Exchange-traded funds tied to Samsung Electronics and SK hynix are heading for overseas markets, with new products lined up in Hong Kong and the United States as global investors chase Korean chipmakers. On Monday, industry officials said Hong Kong-based CSOP Asset Management plans to list a KOSPI 200 ETF on the Hong Kong Stock Exchange in the second half of the year, while Leverage Shares filed with the U.S. Securities and Exchange Commission to launch a leveraged memory-chip fund.
The U.S. filing is for the Leverage Shares 2X Long Memory Daily ETF, which is designed to deliver twice the daily return of the Roundhill Memory ETF. That fund launched in early April and has drawn heavy inflows amid the artificial intelligence boom and surging demand for memory chips, with assets now approaching $10 billion. Samsung Electronics and SK hynix together account for nearly half of its holdings, putting the two Korean names at the center of a trade that has rapidly spread beyond Seoul.
Hong Kong has already become a proving ground for this demand. The exchange there already lists leveraged ETFs tied separately to Samsung Electronics and SK hynix, and the SK hynix-linked product has attracted about 7.9 trillion won in assets, compared with roughly 2.4 trillion won for the Samsung Electronics-linked ETF. Those figures show how far foreign investor appetite has moved past simple stock picking and into packaged exposure to Korea’s biggest memory-chip producers.

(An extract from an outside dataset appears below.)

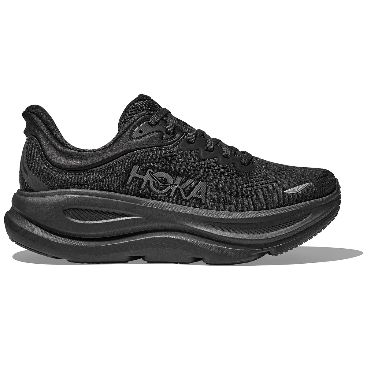 Hoka Bondi 9 dames Black/Black hardloopschoen is een van top tot teen vernieuwde allround neutrale loopschoen van HOKA met de hoogste stackhoogte ooit! Geniet van ultieme demping door de vernieuwde tussenzool voorzien van super-critival EVA-foam over de gehele lengte om die zachte veerkrachtige rit te geven waar de Hoka Bondi bekend om staat.
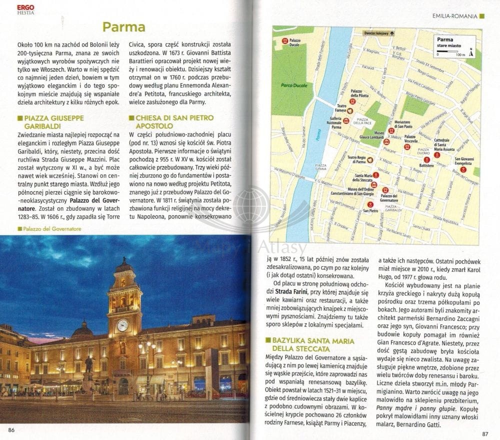 Emilia-Romania, położona między Morzem Adriatyckim i Apeninami, to region bardzo zróżnicowany. Na żyznej Nizinie Padańskiej leżą historyczne miasta pamiętające Etrusków i czasy Cesarstwa Rzymskiego - wśród nich Bolonia ze średniowieczną zabudową i najstarszym uniwersytetem w Europie, pełna renesansowych budowli Ferrara i słynąca ze wczesnochrześcijańskich mozaik Rawenna. Nadmorskie plaże zachęcają do wypoczynku i kąpieli, z kolei w Apeninach jest wiele szlaków dla miłośników pieszych wędrówek, a także świetne ośrodki narciarskie. Coś dla siebie znajdą tu również koneserzy kuchni opartej na daniach mięsnych i słynnej polencie, uszlachetnionej regionalnymi winami, serem Grana Padano i szynką parmeńską.

Lim Eun-hye said the arrival of a KOSPI 200 ETF could widen access for overseas investors looking at Korean shares. She said overseas interest is growing as Korean equities continue to outperform, adding that the trend raises the odds that more Korea-related ETFs will come to global markets. For now, the latest filings suggest the next wave of demand is likely to track the same theme that has already turned sk hynix stock and its Korean peers into major draws abroad.
The immediate test is whether the new funds can match the scale already set in Hong Kong and by the Roundhill vehicle in the U.S. If they do, Korean chipmakers will have moved from being an AI-era market story at home to one of the most actively packaged overseas bets on the sector.